The Daily Telegraph, Page: 7


Residential sales down by nearly half

Data from HMRC show house sales in April were down 46% on a year earlier, at 46,440. The figure is below levels seen during the financial crisis. Hansen Lu, property economist at Capital Economics, said that current transaction levels were “probably close to their floor” and that transactions would remain well below where they were before the virus hit even at the end of the year.

The Times, Page: 41 The I, Page: 48


UK council pension funds warn on green issues and governance

The Local Authority Pension Fund Forum, whose members manage £300bn of assets, has warned companies that they must stay focused on sustainability and high governance standards despite global economic turmoil.

Financial Times, Page: 11


UK economy is on course for a slow rebound

The UK economy is set for a slow rebound from the coronavirus outbreak in the wake of an unprecedented slump in April caused by lockdown measures, according to a preliminary reading of the IHS Markit/Cips purchasing managers’ index (PMI). The index came in at 28.9 in May compared to 13.8 in April. A score below 50 indicates contraction. Chris Williamson, the chief business economist at IHS Markit, said: “The UK looks set to see a frustratingly slow recovery, given the likely slower pace of opening up the economy relative to other countries which have seen fewer COVID-19 cases. Virus-related restrictions, widespread job insecurity and weak demand will be exacerbated by growing business uncertainty regarding Brexit.” IHS Markit also forecast GDP to fall by almost 12% in 2020.

The Times, Page: 40 Financial Times The Guardian, Page: 35

Factories record biggest drop in output on record

The CBI’s industrial trends gauge shows that UK manufacturing output fell at the fastest pace since the survey began 45 years ago in the three months to May. The survey, which is based on a poll of more than 800 manufacturers, fell to minus 51 in May from minus 21 in April, as more than 80% of the UK’s factories were hit by the coronavirus lockdown. More than half of manufacturing firms said they had partially shut down in the three months to May, and nearly three-quarters (74%) reported cash flow problems. Anna Leach, CBI deputy chief economist, said: “Production levels have fallen even more sharply as firms experience collapsing demand and supply chain disruption, leading some to temporarily shut down their factories.”

The Times, Page: 41 City AM


Ex-Revenue worker convicted of fraud

Former Inland Revenue employee Martyn Arthur has been arrested for submitting inaccurate tax returns over five years cheating public services out of £120,000. The tax adviser turned author in 2009 with a book called The Taxpayer Strikes Back about how to “stand up to” HMRC. He was told by a judge: “You are a man who has destroyed your own reputation. You are now professionally worthless.”

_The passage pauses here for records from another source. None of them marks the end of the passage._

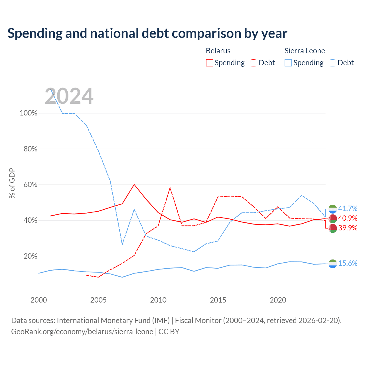 Belarus has $30.3B in government debt (39.9% of GDP), compared to $2.91B (41.7% of GDP) in Sierra Leone.
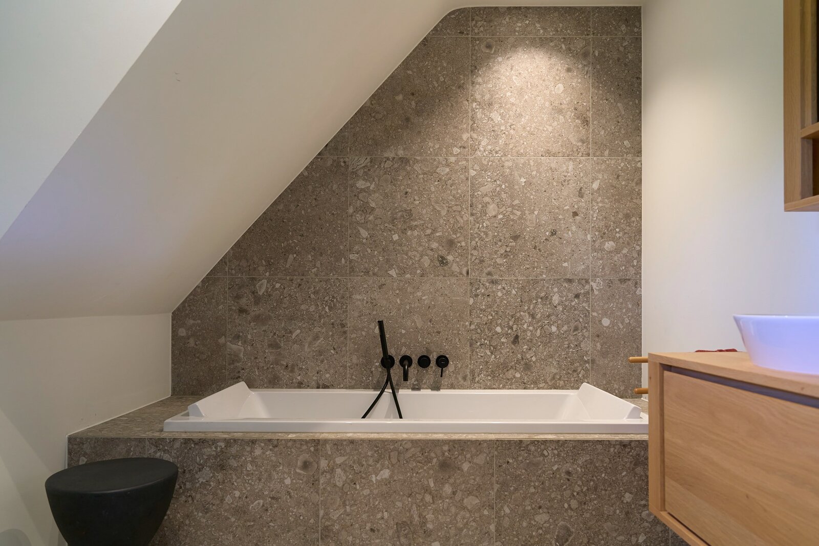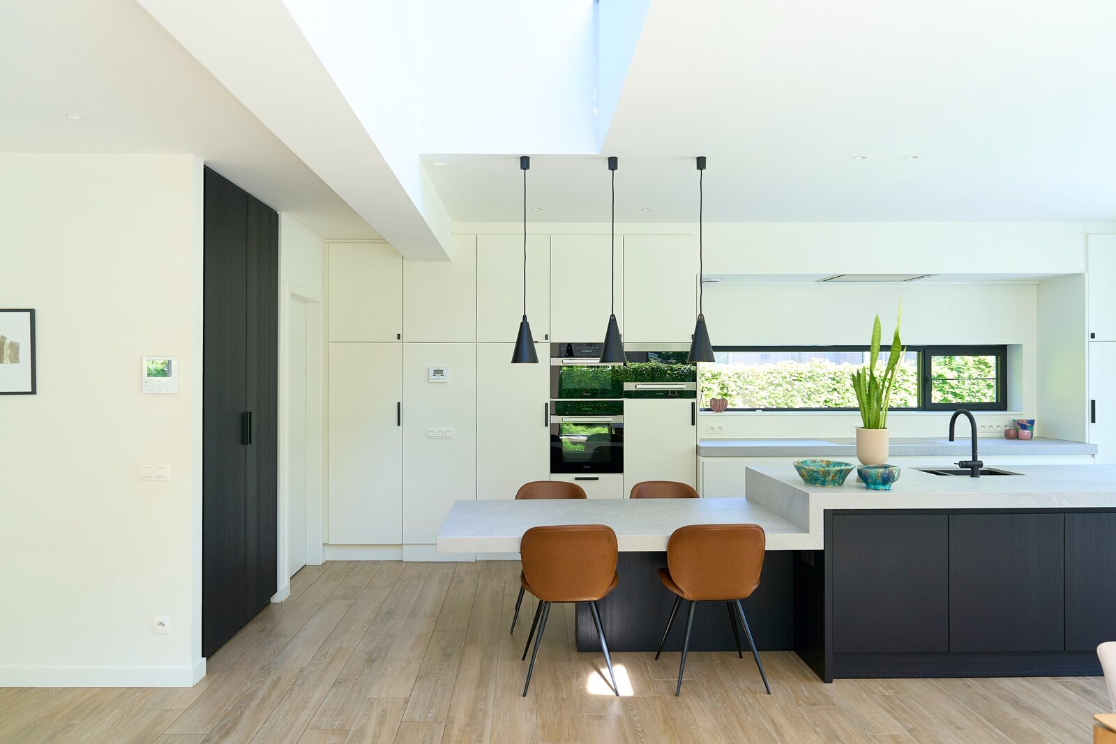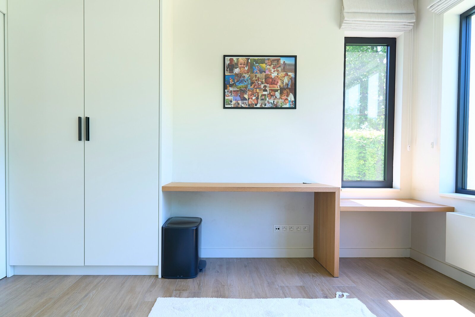 Een aparte bureauruimte – afsluitbaar met elegante schuifdeuren – maakt thuiswerken of studeren bijzonder aangenaam, met uitzicht op de tuin. De open keuken is volledig uitgerust met hedendaagse toestellen en stijlvol geïntegreerd in de leefruimte: koken wordt hier een gedeelde belevenis.
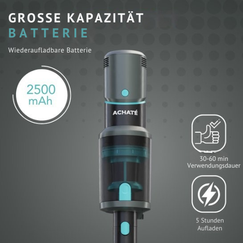 Achaté© - Stabstaubsauger - Kabellos - 4 Aufsätze - LED-Anzeige - Staubbuster
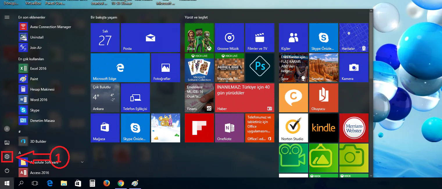 İşlemlerimize, bilgisayarımızda Windows tuşuna basarak açılan ekrandan “Ayarlar” menüsüne girerek başlıyoruz.
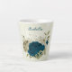Beautiful romantic latte mug featuring teal blue and beige flowers and some leaves .
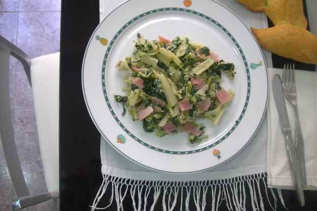 - Barregeu el pernil i els ous amb la bleda fins que l’ou hagi quallat.
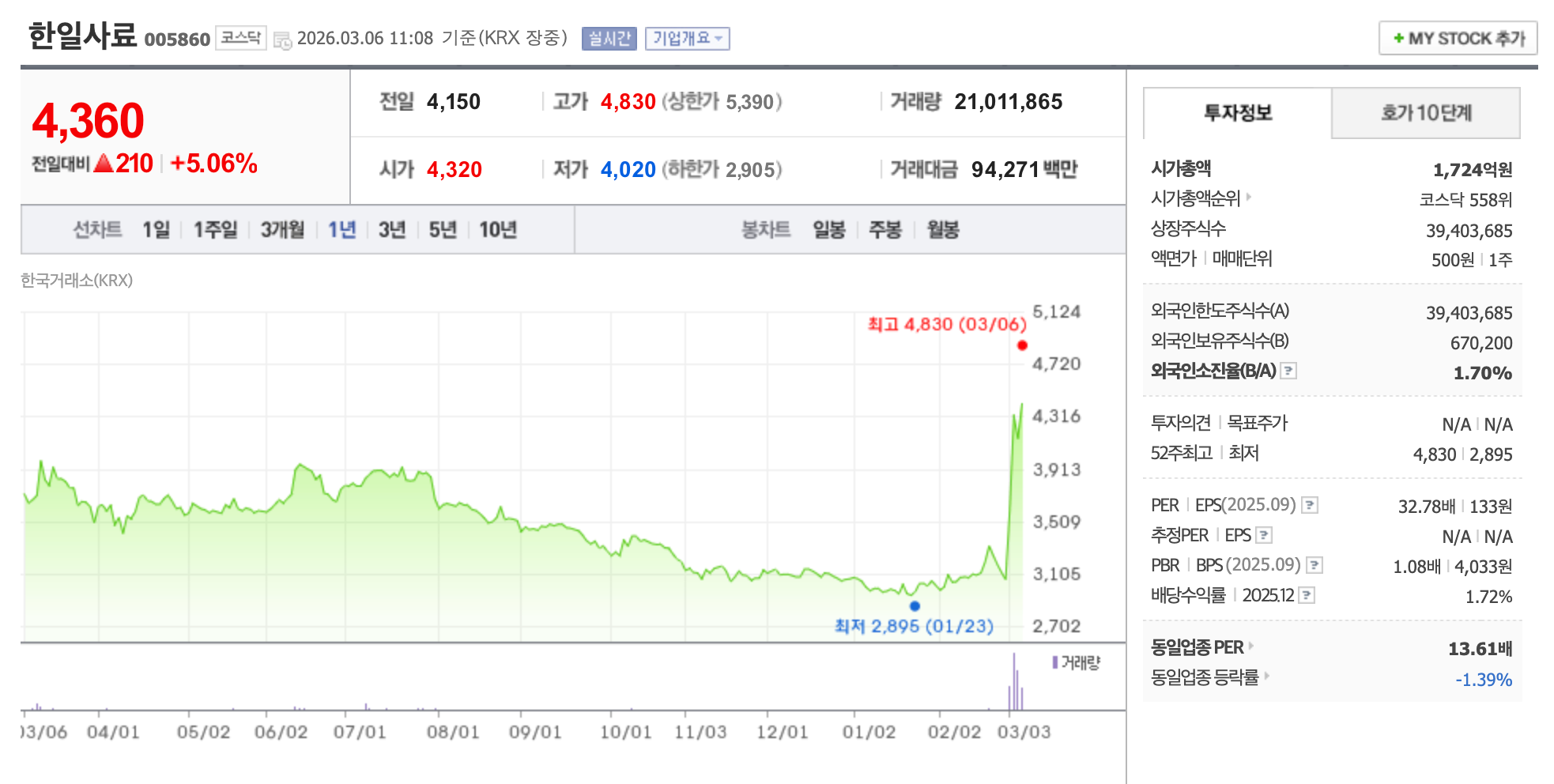 💡 한일사료 (005860, 코스피)

The Times, Page: 21 The Daily Telegraph, Page: 13 Daily Mail, Page: 26 Daily Mirror, Page: 11

Former MP will head up public affairs and policy at TheCityUK

Emma Reynolds, the former Wolverhampton North East MP, is to join industry body TheCityUK as its new managing director of public affairs, policy and research. TheCityUK is advising the government on how to recapitalise companies amid the coronavirus lockdown. Reynolds said: “We will be looking ahead at the challenge of rebuilding the economy and getting businesses back on their feet.”